I tend to take to the blogs section to whinge, so here goes.
I have been living with cancer for almost four years now (well, four years since diagnosis, but it was obviously invading various parts of my body before then.)
Long story short - diagnosed stage 4 December 24th 2018. Great Christmas present. Treatment (chemo and radiotherapy) started early in 2019, knocked me for 6 and the spinal damage left me unable to walk more than a few paces and having to use the kind of gadgets normally reserved for the very elderly - things to pull of your socks, jar openers and grabbers to pick up stuff from the floor.
Various drugs have kept me fairly healthy since then and it was during my rehabilitation I decided that as my life was likely to be considerably shorter than the average, I should avoid stuff I found boring and concentrate on what I love doing. Besides, when you can't walk too well, sitting in front of a keyboard has its advantages. I began writing my Dragonriders of Pern fan fiction early in 2020 and considered I had enough material to begin posting online around June.

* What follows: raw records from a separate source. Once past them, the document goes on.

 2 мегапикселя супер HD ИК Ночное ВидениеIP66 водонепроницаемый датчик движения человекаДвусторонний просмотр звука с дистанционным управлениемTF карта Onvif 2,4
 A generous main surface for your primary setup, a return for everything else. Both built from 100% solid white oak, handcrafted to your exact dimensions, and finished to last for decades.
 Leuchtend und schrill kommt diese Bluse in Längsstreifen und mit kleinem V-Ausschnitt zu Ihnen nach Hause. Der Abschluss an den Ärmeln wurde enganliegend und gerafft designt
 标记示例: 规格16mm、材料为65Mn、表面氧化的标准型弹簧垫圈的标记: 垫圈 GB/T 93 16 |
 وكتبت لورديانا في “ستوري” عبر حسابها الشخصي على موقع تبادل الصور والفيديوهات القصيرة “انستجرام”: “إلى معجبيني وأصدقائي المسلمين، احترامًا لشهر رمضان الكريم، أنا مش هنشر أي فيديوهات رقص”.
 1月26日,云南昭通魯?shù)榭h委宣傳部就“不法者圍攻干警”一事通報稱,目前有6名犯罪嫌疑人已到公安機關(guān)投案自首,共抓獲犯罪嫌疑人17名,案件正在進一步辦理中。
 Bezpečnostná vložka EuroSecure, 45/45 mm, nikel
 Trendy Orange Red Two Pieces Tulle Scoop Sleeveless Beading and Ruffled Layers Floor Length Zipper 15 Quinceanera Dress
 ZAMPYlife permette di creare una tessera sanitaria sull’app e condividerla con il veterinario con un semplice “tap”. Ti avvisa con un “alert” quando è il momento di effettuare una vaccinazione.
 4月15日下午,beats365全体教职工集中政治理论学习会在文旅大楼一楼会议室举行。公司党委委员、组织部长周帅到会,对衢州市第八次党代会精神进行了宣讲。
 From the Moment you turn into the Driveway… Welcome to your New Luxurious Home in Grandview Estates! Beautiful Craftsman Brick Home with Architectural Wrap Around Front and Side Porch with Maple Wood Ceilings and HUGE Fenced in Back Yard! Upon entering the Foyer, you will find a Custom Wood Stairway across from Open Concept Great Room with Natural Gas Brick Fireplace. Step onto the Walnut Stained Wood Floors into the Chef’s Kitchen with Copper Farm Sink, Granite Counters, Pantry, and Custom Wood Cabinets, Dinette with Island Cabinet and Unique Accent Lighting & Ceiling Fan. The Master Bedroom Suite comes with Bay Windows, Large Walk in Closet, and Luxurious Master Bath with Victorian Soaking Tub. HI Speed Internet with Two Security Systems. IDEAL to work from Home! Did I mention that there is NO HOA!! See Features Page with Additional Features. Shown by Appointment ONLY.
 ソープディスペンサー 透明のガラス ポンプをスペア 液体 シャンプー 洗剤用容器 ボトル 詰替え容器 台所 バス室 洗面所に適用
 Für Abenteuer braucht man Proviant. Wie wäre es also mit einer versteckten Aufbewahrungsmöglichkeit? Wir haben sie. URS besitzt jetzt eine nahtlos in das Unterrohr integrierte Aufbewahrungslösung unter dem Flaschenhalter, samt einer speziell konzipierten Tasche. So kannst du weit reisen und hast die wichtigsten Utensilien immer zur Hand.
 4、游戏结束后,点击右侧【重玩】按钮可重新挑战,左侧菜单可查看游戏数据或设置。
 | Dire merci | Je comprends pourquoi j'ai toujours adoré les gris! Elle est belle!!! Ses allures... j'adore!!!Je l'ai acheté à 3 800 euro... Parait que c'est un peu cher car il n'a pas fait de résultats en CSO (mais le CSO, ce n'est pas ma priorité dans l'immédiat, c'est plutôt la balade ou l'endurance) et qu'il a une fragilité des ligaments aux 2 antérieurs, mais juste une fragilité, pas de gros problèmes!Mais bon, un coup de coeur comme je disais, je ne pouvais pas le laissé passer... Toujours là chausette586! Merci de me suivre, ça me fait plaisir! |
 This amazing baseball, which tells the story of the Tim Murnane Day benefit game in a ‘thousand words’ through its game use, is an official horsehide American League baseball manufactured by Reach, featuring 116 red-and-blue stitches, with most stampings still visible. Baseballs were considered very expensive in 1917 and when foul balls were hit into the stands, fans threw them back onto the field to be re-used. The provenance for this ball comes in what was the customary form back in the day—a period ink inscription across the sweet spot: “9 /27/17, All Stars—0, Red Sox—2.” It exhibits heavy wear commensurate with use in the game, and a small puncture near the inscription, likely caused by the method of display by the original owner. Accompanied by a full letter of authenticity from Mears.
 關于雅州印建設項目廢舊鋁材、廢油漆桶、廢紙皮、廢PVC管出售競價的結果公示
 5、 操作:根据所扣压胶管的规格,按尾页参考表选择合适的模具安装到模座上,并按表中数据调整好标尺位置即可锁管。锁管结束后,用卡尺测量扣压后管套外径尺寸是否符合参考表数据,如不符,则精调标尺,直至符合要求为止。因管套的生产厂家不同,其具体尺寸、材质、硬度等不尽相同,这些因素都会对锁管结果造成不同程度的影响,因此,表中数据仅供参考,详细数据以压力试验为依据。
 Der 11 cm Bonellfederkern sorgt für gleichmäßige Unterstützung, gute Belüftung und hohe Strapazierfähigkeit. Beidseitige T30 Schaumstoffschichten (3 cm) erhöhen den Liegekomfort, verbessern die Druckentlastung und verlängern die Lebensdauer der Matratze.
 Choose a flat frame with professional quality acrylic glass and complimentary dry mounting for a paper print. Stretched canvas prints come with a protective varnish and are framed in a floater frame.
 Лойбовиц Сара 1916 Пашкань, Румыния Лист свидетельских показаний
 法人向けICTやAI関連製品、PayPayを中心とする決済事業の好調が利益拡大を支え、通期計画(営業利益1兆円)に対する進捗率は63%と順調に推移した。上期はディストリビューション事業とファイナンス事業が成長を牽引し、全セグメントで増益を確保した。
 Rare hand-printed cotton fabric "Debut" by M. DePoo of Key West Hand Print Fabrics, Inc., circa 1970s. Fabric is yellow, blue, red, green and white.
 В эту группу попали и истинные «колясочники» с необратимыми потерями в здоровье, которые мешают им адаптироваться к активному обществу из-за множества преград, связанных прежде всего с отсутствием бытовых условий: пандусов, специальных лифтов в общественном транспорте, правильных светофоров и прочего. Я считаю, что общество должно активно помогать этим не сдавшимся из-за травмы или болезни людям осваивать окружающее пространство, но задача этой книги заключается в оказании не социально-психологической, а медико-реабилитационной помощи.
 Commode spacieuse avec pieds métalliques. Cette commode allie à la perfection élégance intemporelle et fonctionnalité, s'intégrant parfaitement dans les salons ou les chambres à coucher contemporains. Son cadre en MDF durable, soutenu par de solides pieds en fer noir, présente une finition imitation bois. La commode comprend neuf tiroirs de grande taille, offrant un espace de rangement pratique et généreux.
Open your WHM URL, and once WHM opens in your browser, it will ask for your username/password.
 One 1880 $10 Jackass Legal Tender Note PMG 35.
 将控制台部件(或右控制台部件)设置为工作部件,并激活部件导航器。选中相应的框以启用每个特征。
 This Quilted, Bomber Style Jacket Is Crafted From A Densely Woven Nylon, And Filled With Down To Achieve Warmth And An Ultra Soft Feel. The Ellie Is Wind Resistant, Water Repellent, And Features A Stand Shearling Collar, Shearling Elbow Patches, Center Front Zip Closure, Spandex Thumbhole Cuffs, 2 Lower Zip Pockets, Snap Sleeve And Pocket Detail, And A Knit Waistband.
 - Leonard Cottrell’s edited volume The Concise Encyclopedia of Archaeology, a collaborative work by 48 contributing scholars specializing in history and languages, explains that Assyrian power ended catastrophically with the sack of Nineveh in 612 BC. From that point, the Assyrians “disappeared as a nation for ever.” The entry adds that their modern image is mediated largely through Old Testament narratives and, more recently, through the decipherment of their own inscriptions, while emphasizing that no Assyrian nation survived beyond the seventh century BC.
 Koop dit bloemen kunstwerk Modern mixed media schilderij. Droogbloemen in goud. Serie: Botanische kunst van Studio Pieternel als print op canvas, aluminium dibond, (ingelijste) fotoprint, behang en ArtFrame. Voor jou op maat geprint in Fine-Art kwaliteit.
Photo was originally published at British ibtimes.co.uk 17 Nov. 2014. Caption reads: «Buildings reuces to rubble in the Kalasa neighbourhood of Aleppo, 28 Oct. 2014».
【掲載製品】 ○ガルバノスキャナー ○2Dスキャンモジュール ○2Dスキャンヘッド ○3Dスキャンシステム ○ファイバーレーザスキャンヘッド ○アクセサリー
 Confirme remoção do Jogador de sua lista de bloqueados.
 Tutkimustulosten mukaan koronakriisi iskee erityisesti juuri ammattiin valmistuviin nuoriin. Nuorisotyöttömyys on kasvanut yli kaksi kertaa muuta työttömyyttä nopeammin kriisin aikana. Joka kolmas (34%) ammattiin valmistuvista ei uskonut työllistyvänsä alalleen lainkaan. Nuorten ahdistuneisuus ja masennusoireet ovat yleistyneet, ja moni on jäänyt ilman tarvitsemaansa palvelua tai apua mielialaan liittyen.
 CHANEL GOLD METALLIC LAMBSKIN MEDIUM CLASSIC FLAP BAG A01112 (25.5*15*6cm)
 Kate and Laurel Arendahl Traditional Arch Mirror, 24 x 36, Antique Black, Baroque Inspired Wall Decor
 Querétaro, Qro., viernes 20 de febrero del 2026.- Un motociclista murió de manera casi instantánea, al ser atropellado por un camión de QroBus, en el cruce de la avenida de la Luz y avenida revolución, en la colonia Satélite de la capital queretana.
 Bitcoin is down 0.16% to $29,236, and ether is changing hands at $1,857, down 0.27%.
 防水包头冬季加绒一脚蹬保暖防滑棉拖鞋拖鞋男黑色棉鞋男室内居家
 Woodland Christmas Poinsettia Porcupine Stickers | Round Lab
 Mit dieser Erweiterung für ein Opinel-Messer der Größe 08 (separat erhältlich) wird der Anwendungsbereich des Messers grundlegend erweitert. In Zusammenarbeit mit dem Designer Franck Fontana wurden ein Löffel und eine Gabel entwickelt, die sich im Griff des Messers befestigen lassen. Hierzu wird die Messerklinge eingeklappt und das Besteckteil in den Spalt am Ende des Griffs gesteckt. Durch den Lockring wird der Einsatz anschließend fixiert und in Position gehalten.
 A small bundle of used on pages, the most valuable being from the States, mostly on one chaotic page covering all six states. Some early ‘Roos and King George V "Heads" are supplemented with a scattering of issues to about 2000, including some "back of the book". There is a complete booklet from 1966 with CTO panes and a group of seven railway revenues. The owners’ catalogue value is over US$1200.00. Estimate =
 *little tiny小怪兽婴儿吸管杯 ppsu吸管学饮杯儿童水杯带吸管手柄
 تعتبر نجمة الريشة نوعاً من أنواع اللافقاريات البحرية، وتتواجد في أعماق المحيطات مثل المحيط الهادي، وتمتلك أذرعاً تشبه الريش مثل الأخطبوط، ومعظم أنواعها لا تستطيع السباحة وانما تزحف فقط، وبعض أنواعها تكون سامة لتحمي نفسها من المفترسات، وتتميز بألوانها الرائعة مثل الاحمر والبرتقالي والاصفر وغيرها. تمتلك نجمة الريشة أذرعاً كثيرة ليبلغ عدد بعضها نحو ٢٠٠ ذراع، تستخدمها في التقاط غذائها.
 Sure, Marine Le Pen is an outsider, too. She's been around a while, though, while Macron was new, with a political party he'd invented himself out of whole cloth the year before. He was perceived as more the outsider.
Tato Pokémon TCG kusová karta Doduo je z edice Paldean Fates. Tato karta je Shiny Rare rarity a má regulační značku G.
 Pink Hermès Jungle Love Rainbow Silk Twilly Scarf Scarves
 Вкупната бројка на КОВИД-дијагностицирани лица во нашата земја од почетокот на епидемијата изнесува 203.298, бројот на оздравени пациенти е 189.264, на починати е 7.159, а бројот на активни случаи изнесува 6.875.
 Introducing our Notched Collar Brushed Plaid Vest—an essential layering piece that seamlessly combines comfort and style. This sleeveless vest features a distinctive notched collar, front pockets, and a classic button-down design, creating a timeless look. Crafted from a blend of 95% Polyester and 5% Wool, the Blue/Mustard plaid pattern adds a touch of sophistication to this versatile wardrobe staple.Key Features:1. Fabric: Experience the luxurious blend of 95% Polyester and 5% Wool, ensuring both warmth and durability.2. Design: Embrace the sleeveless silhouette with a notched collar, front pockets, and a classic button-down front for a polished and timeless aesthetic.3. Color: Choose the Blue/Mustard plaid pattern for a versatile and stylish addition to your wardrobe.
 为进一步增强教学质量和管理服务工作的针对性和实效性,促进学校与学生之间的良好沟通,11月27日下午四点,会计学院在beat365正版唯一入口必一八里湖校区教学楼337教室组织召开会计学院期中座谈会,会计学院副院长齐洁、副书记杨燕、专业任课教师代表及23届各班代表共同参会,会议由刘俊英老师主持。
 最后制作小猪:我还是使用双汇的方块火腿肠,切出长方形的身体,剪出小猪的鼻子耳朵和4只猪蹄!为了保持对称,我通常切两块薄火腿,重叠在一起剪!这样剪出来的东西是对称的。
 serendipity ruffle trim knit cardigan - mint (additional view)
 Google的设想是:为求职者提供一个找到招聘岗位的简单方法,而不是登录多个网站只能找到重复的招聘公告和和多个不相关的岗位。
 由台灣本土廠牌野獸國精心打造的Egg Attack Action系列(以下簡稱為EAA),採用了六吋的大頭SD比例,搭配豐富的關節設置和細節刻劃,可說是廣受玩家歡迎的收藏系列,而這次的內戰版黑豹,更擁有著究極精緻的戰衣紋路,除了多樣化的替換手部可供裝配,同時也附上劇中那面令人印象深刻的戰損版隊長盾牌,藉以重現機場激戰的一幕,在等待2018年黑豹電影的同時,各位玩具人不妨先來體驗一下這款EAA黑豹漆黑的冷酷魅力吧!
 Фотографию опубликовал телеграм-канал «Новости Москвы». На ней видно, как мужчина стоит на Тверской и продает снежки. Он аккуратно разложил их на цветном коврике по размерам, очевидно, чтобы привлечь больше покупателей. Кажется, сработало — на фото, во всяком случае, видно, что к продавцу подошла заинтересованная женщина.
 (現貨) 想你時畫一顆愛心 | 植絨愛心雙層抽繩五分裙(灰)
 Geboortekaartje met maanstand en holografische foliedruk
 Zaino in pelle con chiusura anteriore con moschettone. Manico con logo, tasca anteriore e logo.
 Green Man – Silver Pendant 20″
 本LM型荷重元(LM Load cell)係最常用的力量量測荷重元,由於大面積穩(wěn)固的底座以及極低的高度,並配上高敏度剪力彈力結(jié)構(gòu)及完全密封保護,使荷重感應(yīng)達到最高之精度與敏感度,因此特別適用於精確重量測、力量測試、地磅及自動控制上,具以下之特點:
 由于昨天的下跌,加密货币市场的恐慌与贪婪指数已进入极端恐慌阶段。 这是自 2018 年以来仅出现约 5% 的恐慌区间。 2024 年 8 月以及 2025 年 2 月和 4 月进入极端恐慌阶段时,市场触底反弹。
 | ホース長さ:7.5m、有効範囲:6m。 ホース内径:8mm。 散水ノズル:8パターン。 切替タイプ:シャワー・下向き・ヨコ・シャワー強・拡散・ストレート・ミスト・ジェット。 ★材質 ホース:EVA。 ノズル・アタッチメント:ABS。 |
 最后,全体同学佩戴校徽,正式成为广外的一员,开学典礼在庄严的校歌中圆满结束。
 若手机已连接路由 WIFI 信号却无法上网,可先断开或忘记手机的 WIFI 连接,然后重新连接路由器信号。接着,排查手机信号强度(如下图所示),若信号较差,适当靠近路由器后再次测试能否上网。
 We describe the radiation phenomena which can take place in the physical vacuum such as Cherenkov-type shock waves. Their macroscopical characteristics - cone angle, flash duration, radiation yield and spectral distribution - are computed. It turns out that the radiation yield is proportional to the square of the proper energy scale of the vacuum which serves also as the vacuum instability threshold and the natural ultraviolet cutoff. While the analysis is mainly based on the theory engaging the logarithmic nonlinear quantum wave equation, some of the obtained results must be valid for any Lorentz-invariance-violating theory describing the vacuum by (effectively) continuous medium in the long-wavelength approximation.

Since then, it's been like a roller coaster. If only I could have been so prolific before I got ill. But I wouldn't. There were always other things to do. The motivation of posting a weekly chapter and responding to reader's comments is as good as completing a really satisfying scene. Becoming a Promising Author on GA was like winning an award.
I have loads of ideas about things I want to write. Trouble is, I don't think I'll have the time. Lately, I've been deteriorating again. My liver lesions are stable with the tablet chemo I'm on, but it's my spine that's causing a lot of problems. Earlier in the year my left hand index finger and middle finger went numb as a result of nerves being pinched, or abraded by the bony growths. Now it's spread to the right side and I'm also experiencing balance issues and trouble walking again. My grip and arm strength is so weak, the doctor advised me yesterday I should stop driving for safety reasons. Most of this has happened frighteningly fast.
I'm trying to finish my anthology story, even though I can't type as fast as I used to. I'm almost through the last chapter of 'To the Weyr' and I'd love to write the sequel but I'm frightened I won't be able to finish it. Pain makes it hard to concentrate on writing, as does fatigue and some medication side effects. I hope I'll be around to do everything I want to do, but at the moment, I can't be sure.
Whinge over.
PS - The phrase 'living with cancer' always makes me think of living with a very inconsiderate flat mate, who uses up all the milk in the fridge, never empties the rubbish and trashes the loo.